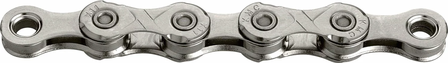 La chaîne super légère X11R 11 vitesses de KMC sans dépendance du sens de marche et plaques extérieures nickelées pour les systèmes de changement de vitesse 11 vitesses.
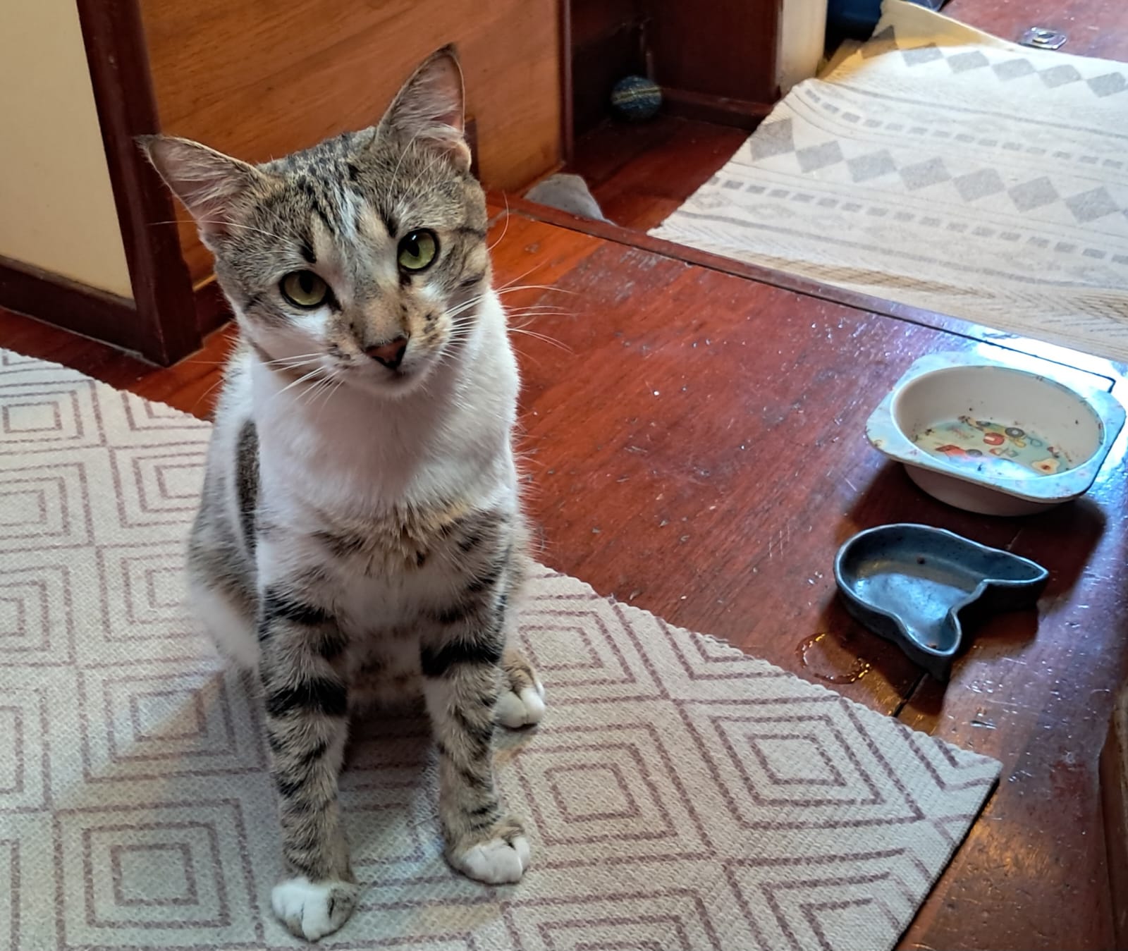 This morning he was sitting next to his empty food bowl about an hour after he’d had breakfast when I was walking past. He jumped at me, sank his canines into my leg and ran off to hide before I could grab him… We call this kind of ambush “sneaky smurfy snake bite”. Worried about infection from sea water I put hydrocolloid plasters on the bites to seal them off, but then of course there remains the risk of infection from within–cats aren’t exactly famous for the dental hygiene. I suppose they could hunt the way Komodo dragons do, just give their prey a small bite and then leisurely wander after them until they topple over from the infection…
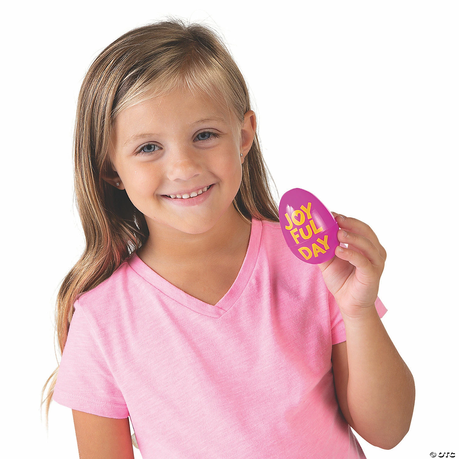 Surprise kids with these pre-filled Easter eggs! The assorted color plastic eggs are printed with “Joyful Day” and include religious prism toys. Pass out the Easter eggs as Sunday School giveaways or add them to your church egg hunt supplies for a fun candy alternative! The jumbo eggs are extra fun to hunt! Plastic. (2 dozen per unit) Egg, 3″; prism, 1 1/2″. © OTC
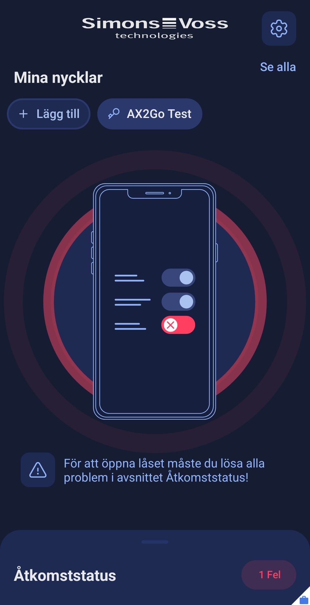 Om fel uppstår kan du inte öppna låset och tillträde nekas. För att kunna använda AX2Go-appen igen måste du åtgärda alla problem i avsnittet Åtkomststatus.
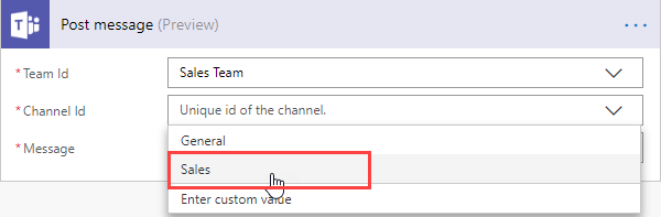 Configure a Microsoft Teams Post message action using the channelMessage field from the previous step.You must setup WebHooks in Microsoft Teams to access Teams in Microsoft Power Automate. See How to add connectors in Microsoft Teams for more information.
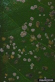 | Infestation of Cephaleuros virescens | |
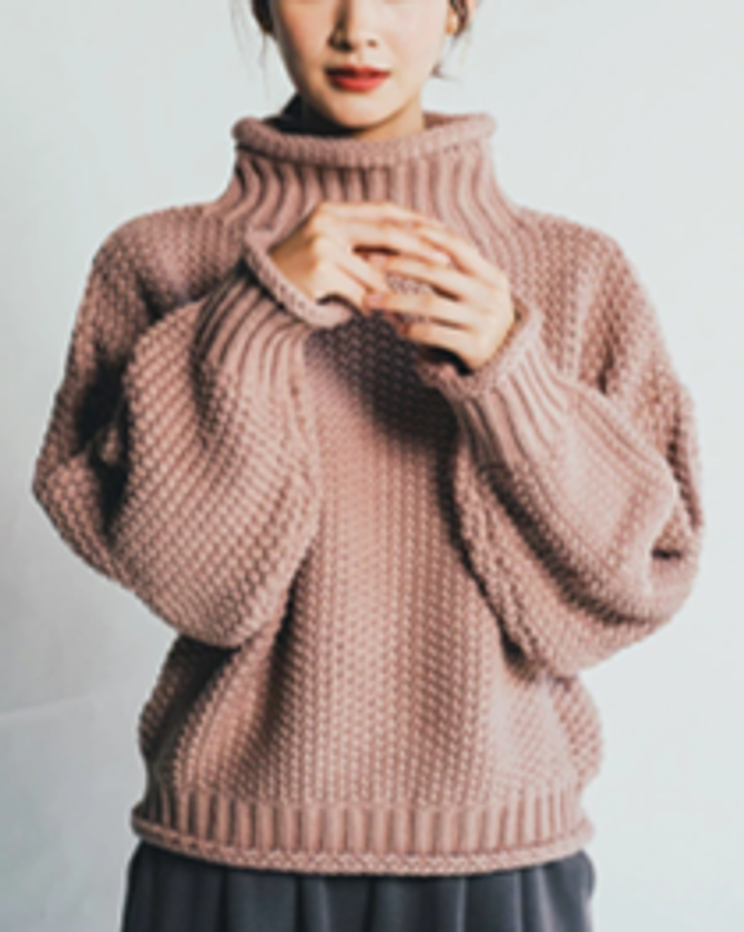 窮屈感のないゆったりとしたハイネックが個性的なざっくり編みの厚手のニット。近年、秋冬になると様々なブランドから発売されるチャンキーニットは完売も多い人気アイテムとなっており、着るだけで旬コーデ見えする優秀な1枚です。たっぷりとした袖や、ドロップショルダー、首元・袖口・裾のロールエッジ仕上げなど、可愛さとトレンドライクなスタイルが叶うエッセンスが詰まっています。使いやすいカラー展開とゆとりのある身幅が、着るだけでリラクシーカジュアルな装いに。
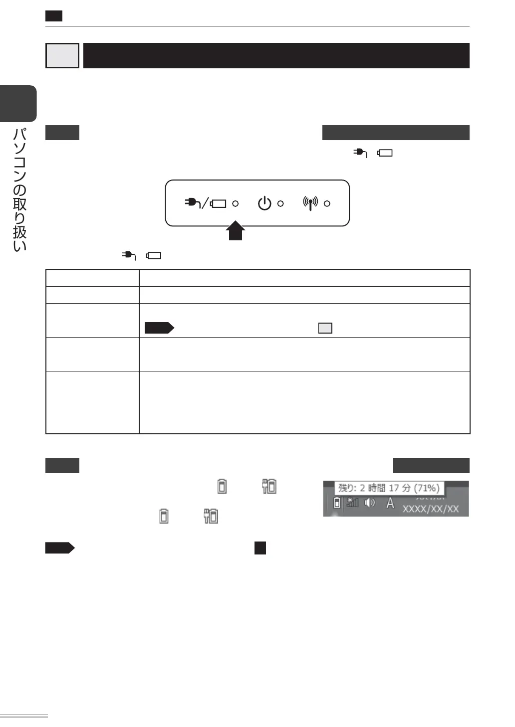 電源コードとACアダプターを接続している場合、DCIN/Battery / LEDが点灯しま

= = = =

Problem details: Each line from the one with "Surprise kids with" to the final line of the data above is to be printed exactly; no picture should appear in the copy.

Reply:
 Surprise kids with these pre-filled Easter eggs! The assorted color plastic eggs are printed with “Joyful Day” and include religious prism toys. Pass out the Easter eggs as Sunday School giveaways or add them to your church egg hunt supplies for a fun candy alternative! The jumbo eggs are extra fun to hunt! Plastic. (2 dozen per unit) Egg, 3″; prism, 1 1/2″. © OTC
 Om fel uppstår kan du inte öppna låset och tillträde nekas. För att kunna använda AX2Go-appen igen måste du åtgärda alla problem i avsnittet Åtkomststatus.
 Configure a Microsoft Teams Post message action using the channelMessage field from the previous step.You must setup WebHooks in Microsoft Teams to access Teams in Microsoft Power Automate. See How to add connectors in Microsoft Teams for more information.
 | Infestation of Cephaleuros virescens | |
 窮屈感のないゆったりとしたハイネックが個性的なざっくり編みの厚手のニット。近年、秋冬になると様々なブランドから発売されるチャンキーニットは完売も多い人気アイテムとなっており、着るだけで旬コーデ見えする優秀な1枚です。たっぷりとした袖や、ドロップショルダー、首元・袖口・裾のロールエッジ仕上げなど、可愛さとトレンドライクなスタイルが叶うエッセンスが詰まっています。使いやすいカラー展開とゆとりのある身幅が、着るだけでリラクシーカジュアルな装いに。
 電源コードとACアダプターを接続している場合、DCIN/Battery / LEDが点灯しま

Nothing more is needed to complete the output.